● Dataset excerpt
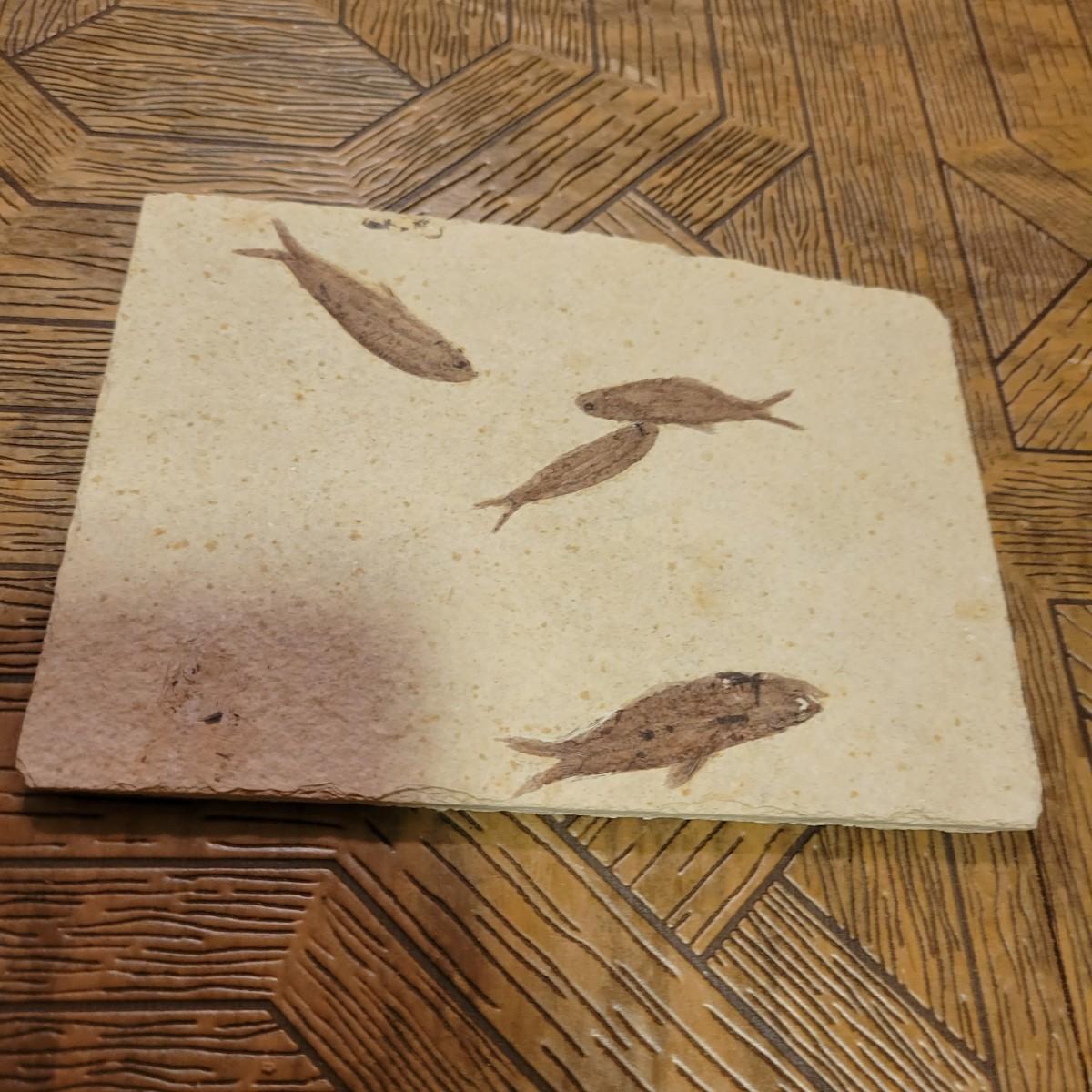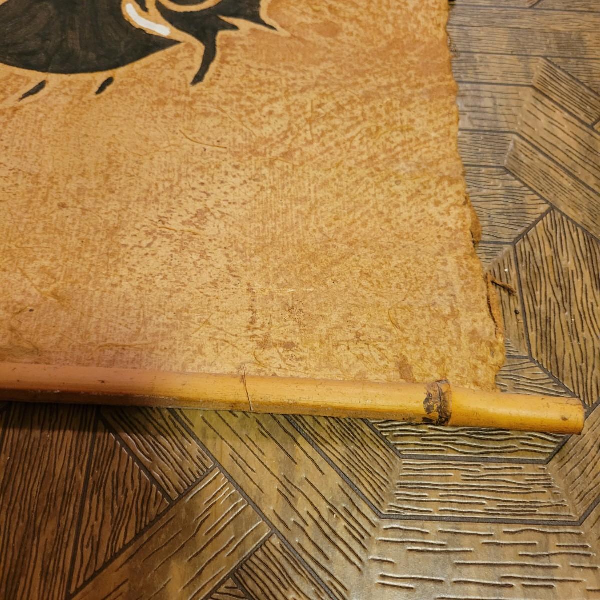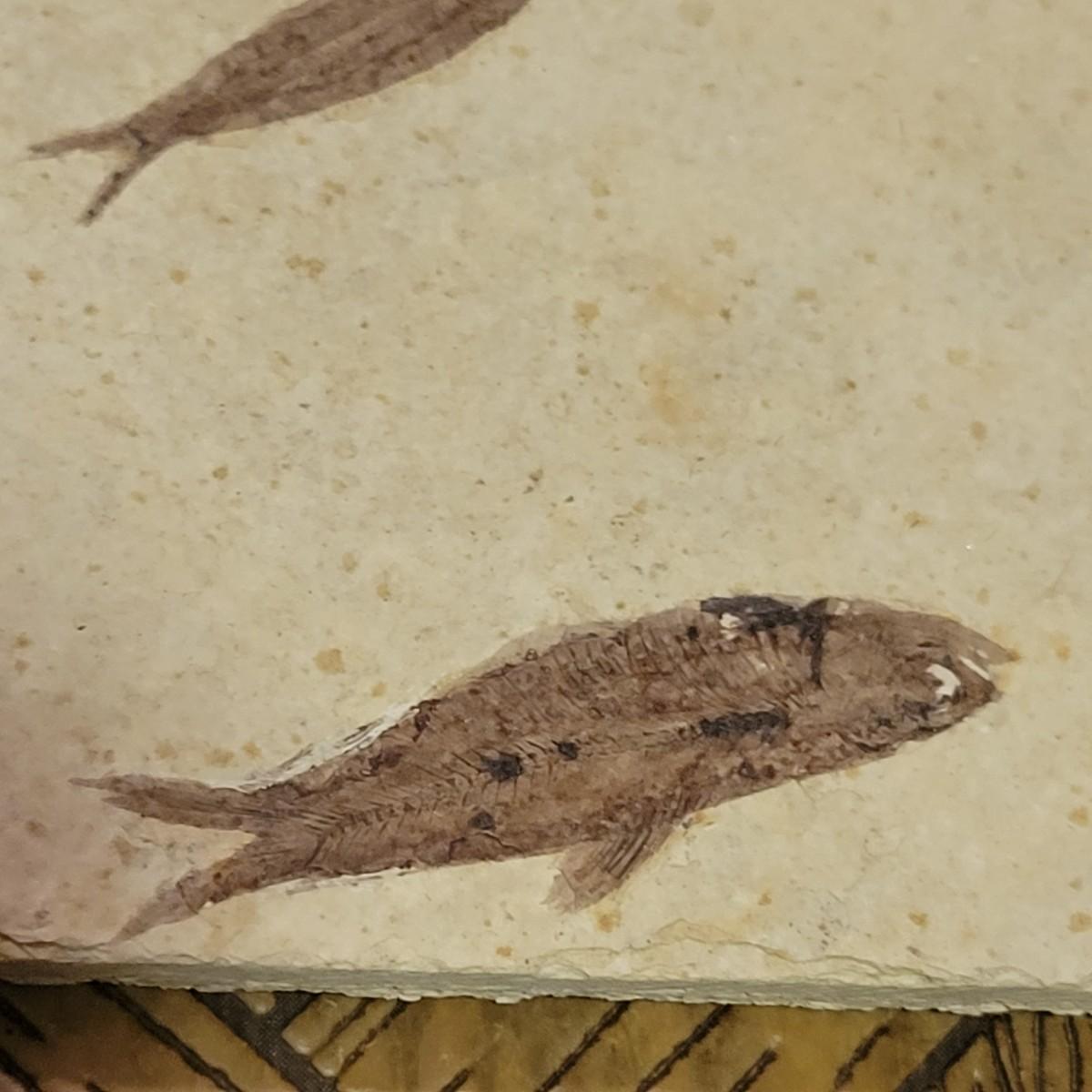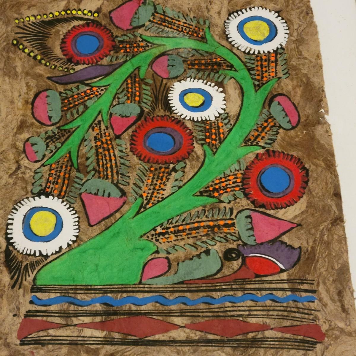 Two pieces of primitive art on bark and a fossil of fish. The smaller, more colorful piece is in a wood frame and top mounted on a mat. The larger piece is unframed, but has bamboo pieces at its top and bottom for hanging. Larger piece measures approximately 17.5" x 40". Shipping art can be costly. We suggest contacting our preferred local shipping provider, Postage Express, with dimensions and getting an estimate before bidding: (828) 670-5501 or postageexpress@yahoo.com.
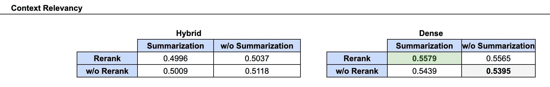 To provide more context in our RAG workflow methods, we wanted to share our implementations of hybrid retrieval, reranking, and summarization.
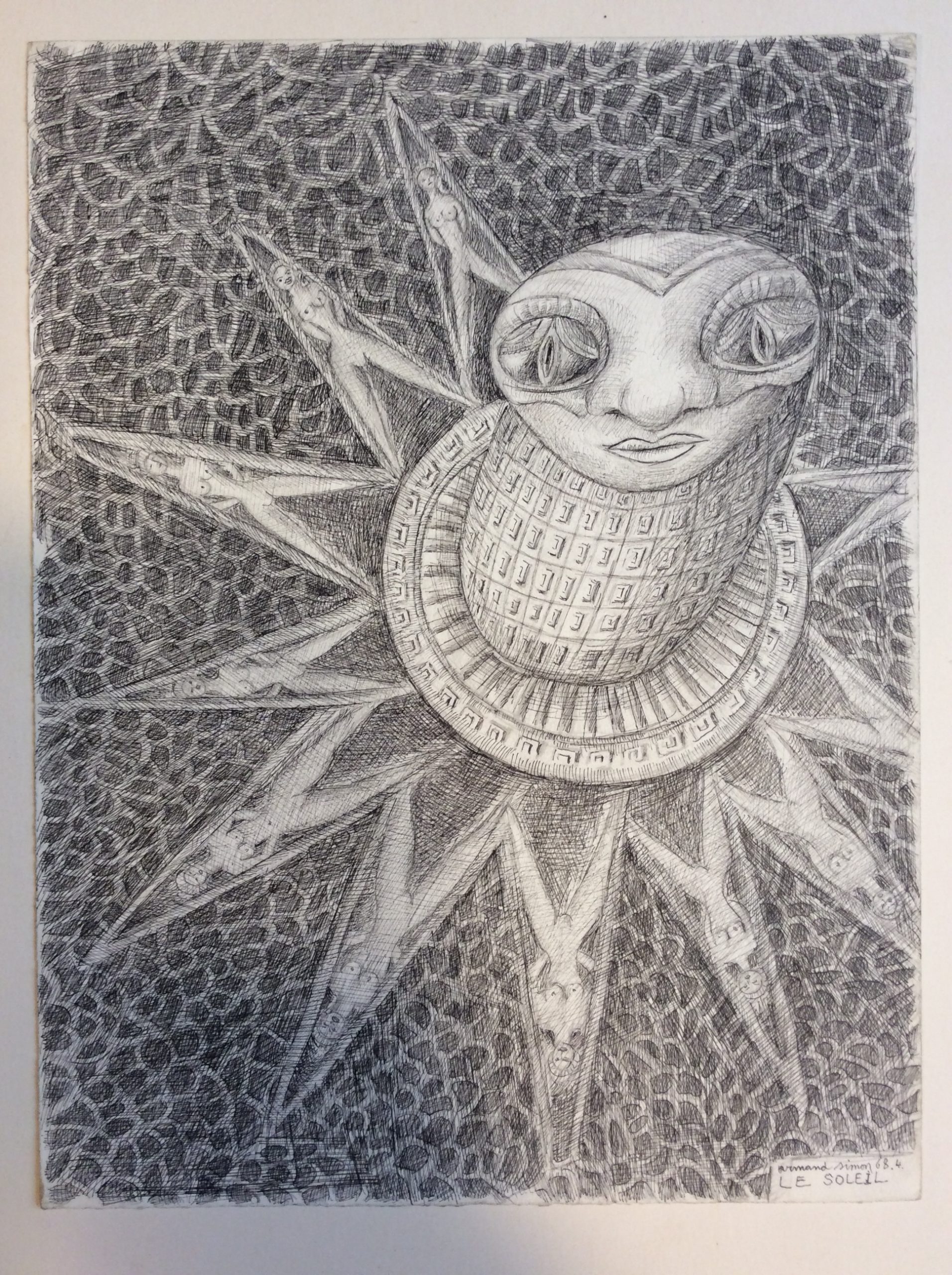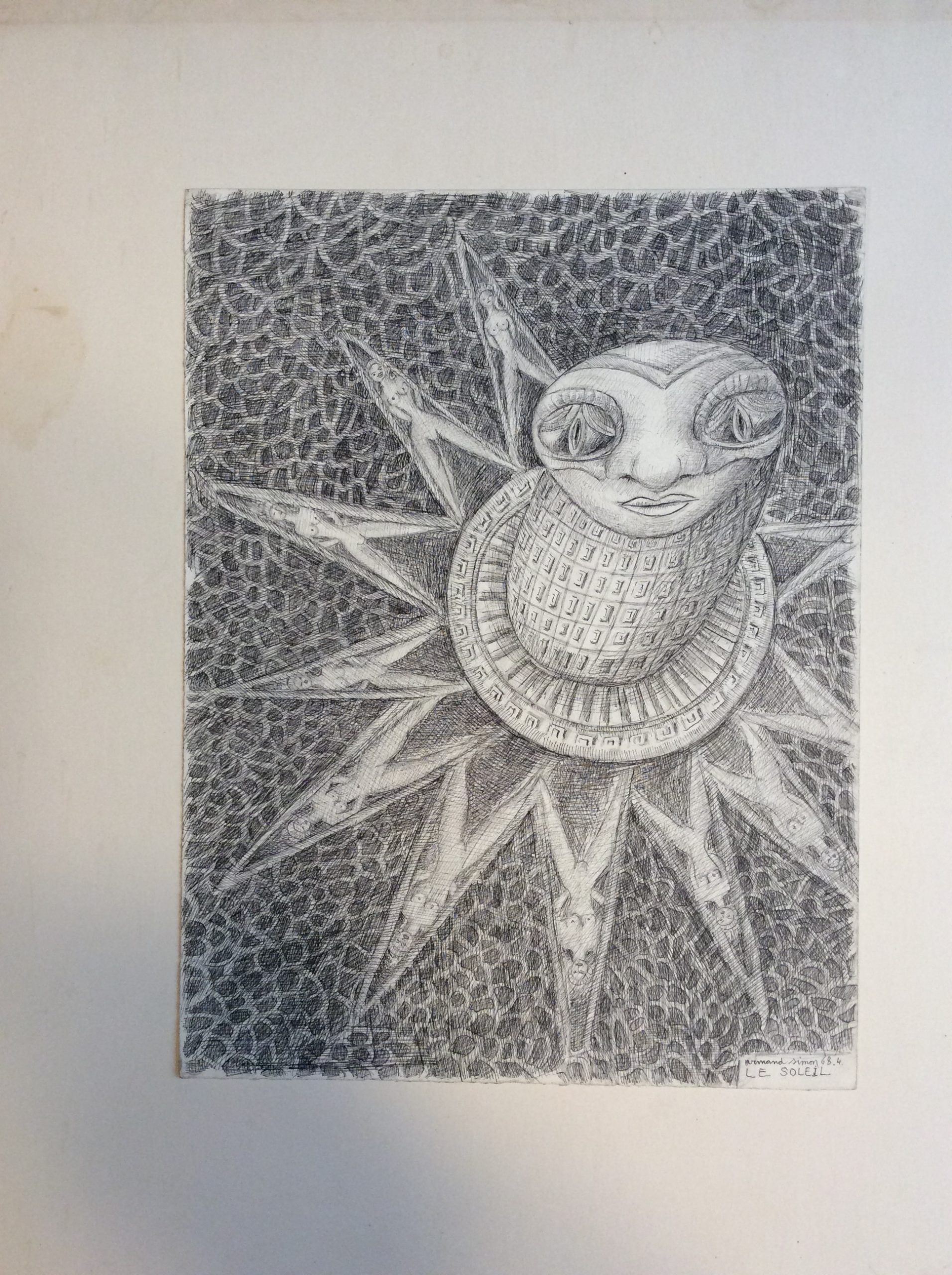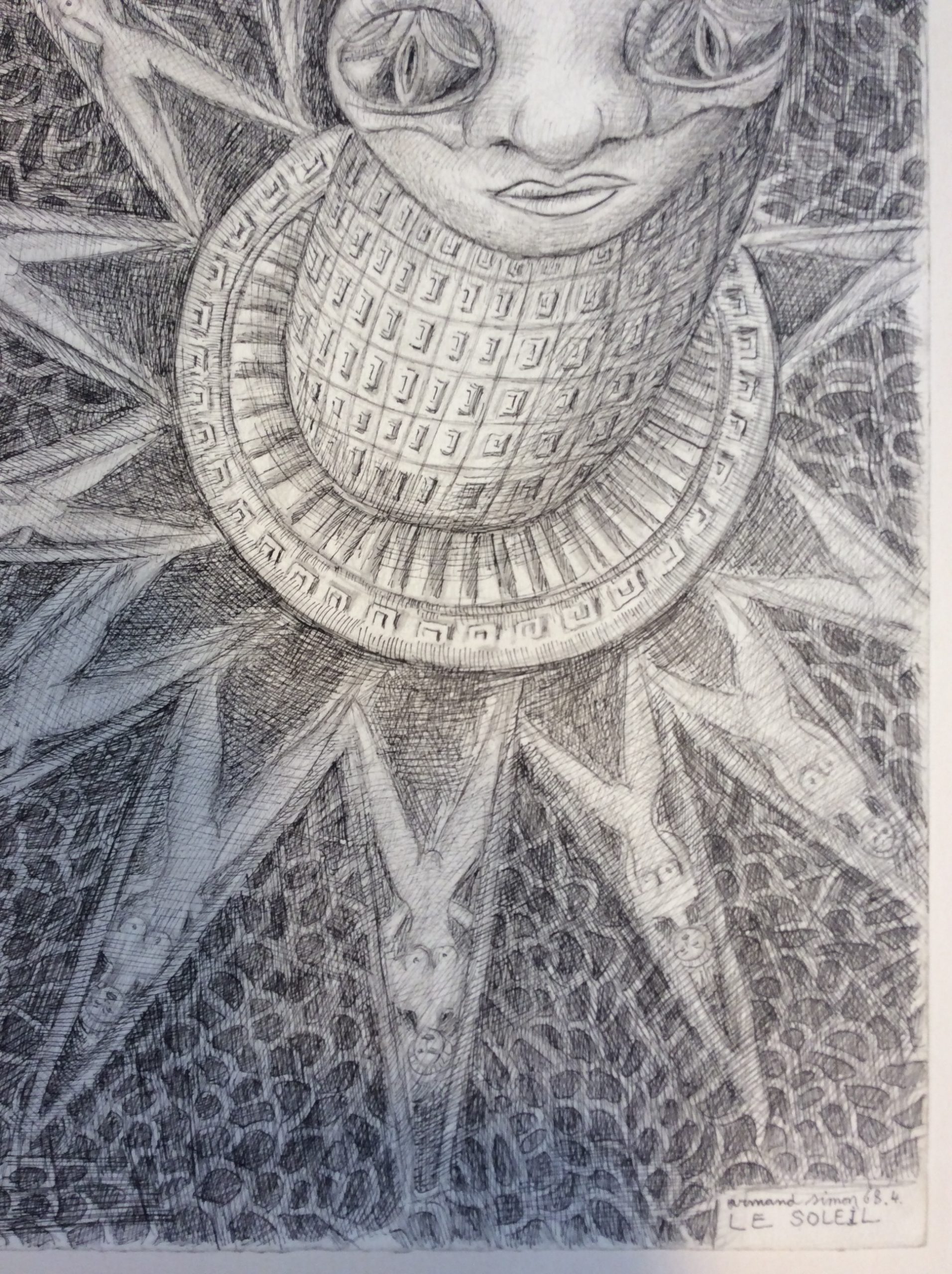 Dessin à l’encre de Chine d’Armand Simon – surréaliste , intitulé » Le Soleil ». Signé et daté 1968.

● Assigned task
Every line from the one containing "To provide more" through the last line of the data, both included, is to be repeated exactly; the pictures are to be left out.

● Response box
 To provide more context in our RAG workflow methods, we wanted to share our implementations of hybrid retrieval, reranking, and summarization.
 Dessin à l’encre de Chine d’Armand Simon – surréaliste , intitulé » Le Soleil ». Signé et daté 1968.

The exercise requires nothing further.